Terrorists have been re-categorized from "Tiresome" to "A Bloody Nuisance." The last time the British issued a "Bloody Nuisance" warning level was in 1588, when threatened by the Spanish Armada.
The Scots have raised their threat level from "Pissed Off" to "Let's get the Bastards." They don't have any other levels. This is the reason they have been used on the front line of the British army for the last 300 years.
The French government announced yesterday that it has raised its terror alert level from "Run" to "Hide." The only two higher levels in France are "Collaborate" and "Surrender." The rise was precipitated by a recent fire that destroyed France's white flag factory, effectively paralyzing the country's military capability.
Italy has increased the alert level from "Shout Loudly and Excitedly" to "Elaborate Military Posturing." Two more levels remain: "Ineffective Combat Operations" and "Change Sides."
The Germans have increased their alert state from "Disdainful Arrogance" to "Dress in Uniform and Sing Marching Songs." They also have two higher levels: "Invade a Neighbour" and "Lose."
Belgians, on the other hand, are all on holiday as usual; the only threat they are worried about is NATO pulling out of Brussels.
The Spanish are all excited to see their new submarines ready to deploy.
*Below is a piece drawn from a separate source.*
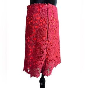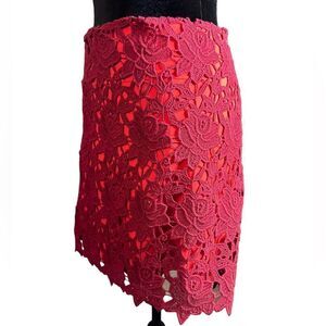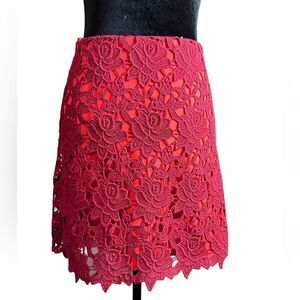 This is beautiful in person. Deep red in color and perfect for date night. A-line shape. Fully lined. Side zipper. No stretch. Size medium.

These beautifully designed subs have glass bottoms so the new Spanish navy can get a really good look at the old Spanish navy.
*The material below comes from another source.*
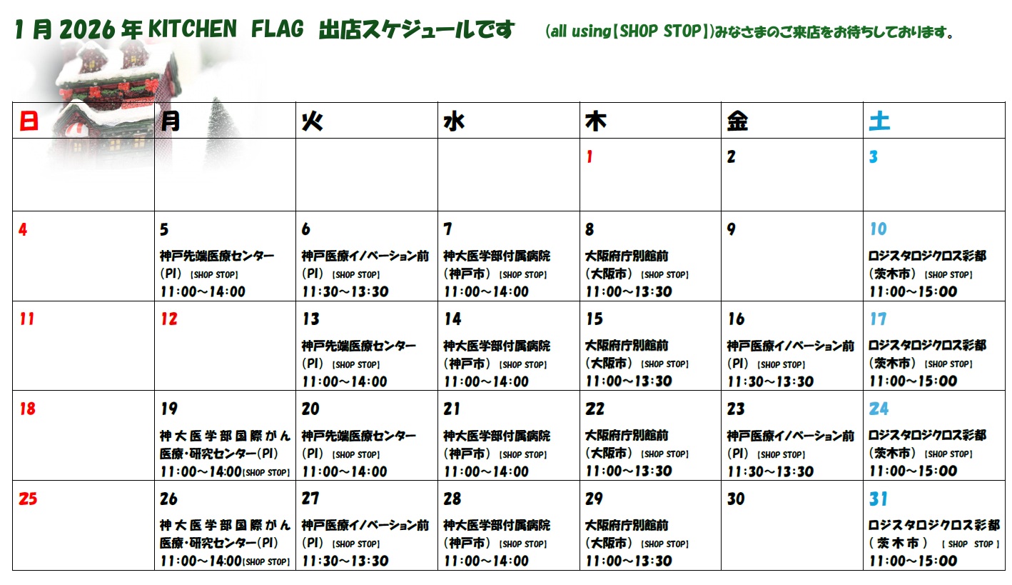 2025年12月23日(火):2026年1月 KITCHEN FLAG 出店スケジュール

Australia , meanwhile, has raised its security level from "No worries" to "She'll be right, Mate." Two more escalation levels remain: "Crikey! I think we'll need to cancel the barbie this weekend!" and "The barbie is cancelled." So far no situation has ever warranted use of the last final escalation level.
And as a final thought - Greece is collapsing, the Iranians are getting aggressive, and Rome is in disarray. Welcome back to 430 BC.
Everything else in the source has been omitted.